▶ Task:
Starting with the first line below, extract each line through the one that contains "WAYAN | |||", inclusive, excluding pictures.

▶ Information supplied:
<<<<
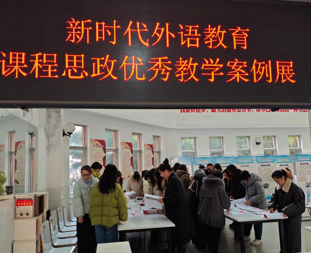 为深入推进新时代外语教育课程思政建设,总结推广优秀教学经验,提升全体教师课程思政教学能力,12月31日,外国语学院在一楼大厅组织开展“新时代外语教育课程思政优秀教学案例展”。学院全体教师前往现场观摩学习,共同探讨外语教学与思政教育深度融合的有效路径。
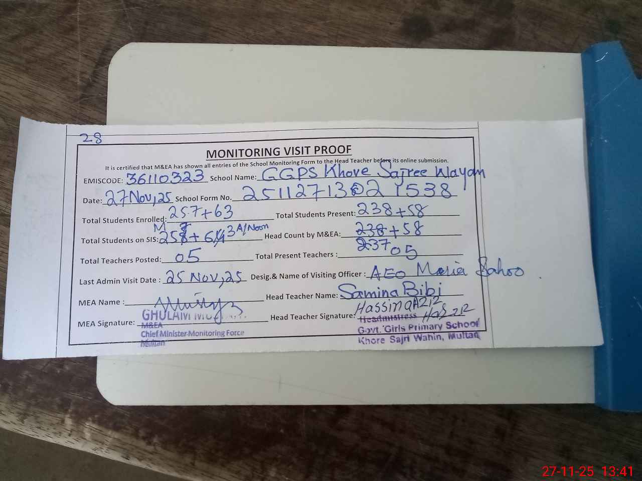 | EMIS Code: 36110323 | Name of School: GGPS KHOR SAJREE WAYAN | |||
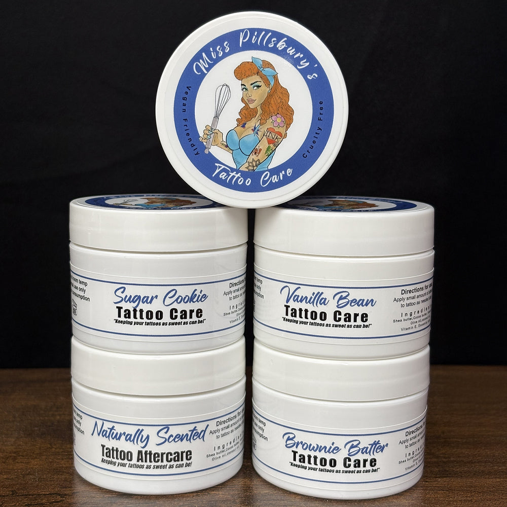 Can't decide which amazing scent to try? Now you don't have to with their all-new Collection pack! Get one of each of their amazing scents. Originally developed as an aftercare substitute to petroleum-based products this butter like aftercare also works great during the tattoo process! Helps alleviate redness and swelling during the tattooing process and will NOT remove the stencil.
>>>>
▶ Written response:
 为深入推进新时代外语教育课程思政建设,总结推广优秀教学经验,提升全体教师课程思政教学能力,12月31日,外国语学院在一楼大厅组织开展“新时代外语教育课程思政优秀教学案例展”。学院全体教师前往现场观摩学习,共同探讨外语教学与思政教育深度融合的有效路径。
 | EMIS Code: 36110323 | Name of School: GGPS KHOR SAJREE WAYAN | |||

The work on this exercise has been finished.